Pasjoli Dessert Menu Pasjoli After-Dinner Drinks List
And here we see Pasjoli's dessert menu, along with the restaurant's selection of after-dinner libations. Click for larger versions.

vanilla ice cream, chocolate sauce
soufflé au chocolat
soufflé au chocolat [$24.00] | bitter chocolate soufflé, vanilla ice cream, candied almonds, chocolate sauce
We enjoyed a pretty much flawless chocolate soufflé, one duly enhanced by those almonds and especially that vanilla ice cream.

gâteau opéra
gâteau opéra [$19.00] | vanilla & passion fruit cake, white chocolate ganache, passion fruit curd, crispy chocolate, mint
The opera cake also delivered thanks to its bang-on layers of saturated sponge and ganache, tarted up by a very tropical, nearly funky passion fruit curd.

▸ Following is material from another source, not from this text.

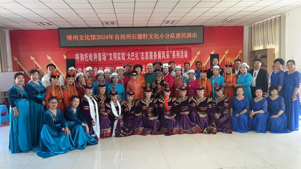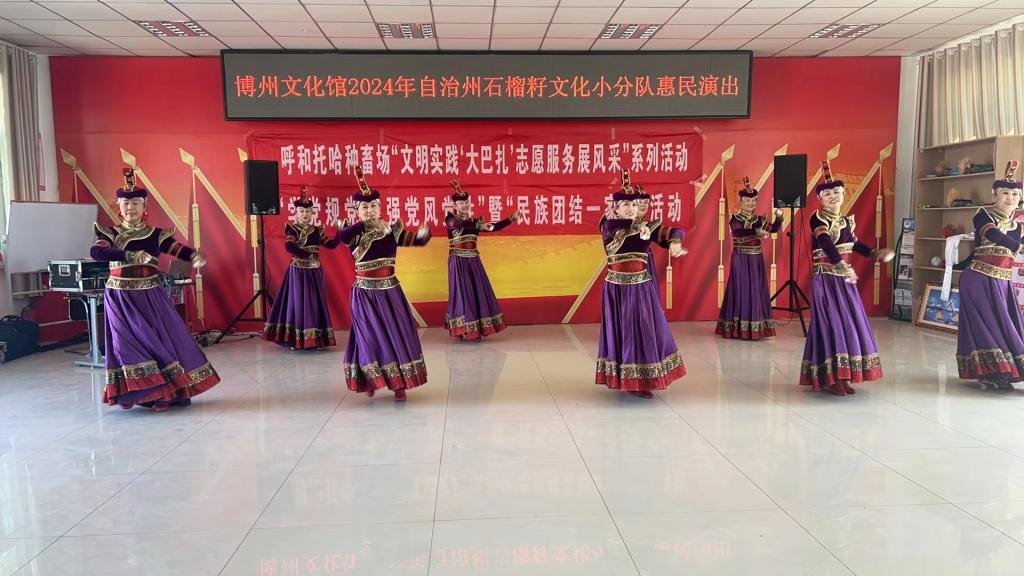 为传承和弘扬中华优秀传统文化,丰富群众文化生活,弘扬文明新风,2024年5月8日,博州文化馆“石榴籽”文艺小分队赴温泉县呼和托哈种畜场集贸市场和布很依肯队,开展“我们的中国梦·文化进万家”惠民宣讲演出系列活动。

We came here mainly for the duck, and it did not disappoint, nor did the rest of the food. Pasjoli is a thoughtful rendition of an upscale bistro, and one of the best French spots in Los Angeles, so it's a real shame that the place lost its Michelin star back at the end of 2022. As for Beran's next move, he's working on a follow-up to Dialogue, his high-end tasting menu place that closed back in November 2020. The still-unnamed restaurant is reportedly debuting this year at 3110 Main Street in SaMo, so that's definitely something to be on the lookout for.




Karuizawa Ruby Geisha 34 Year Old Single Malt Whisky
Prior to our dinner, we tasted a sample of the Karuizawa Ruby Geisha 34 Year Old, a Japanese single malt whisky that was matured in a single sherry butt. The nose here was quite appealing, teeming with woodsy spices and dark fruits. In terms of taste, think sherry-soaked oak combined with astringent, medicinal spices, with dark fruits appearing on the mid-palate. We then had the whisky with three drops of water added, which seemed to give the spirit a noticeably more candied character. This was my first time having a whisky from Karuizawa, and while I certainly enjoyed it, I can safely say that I won't be paying the $35,000+ that retailers are asking for a bottle.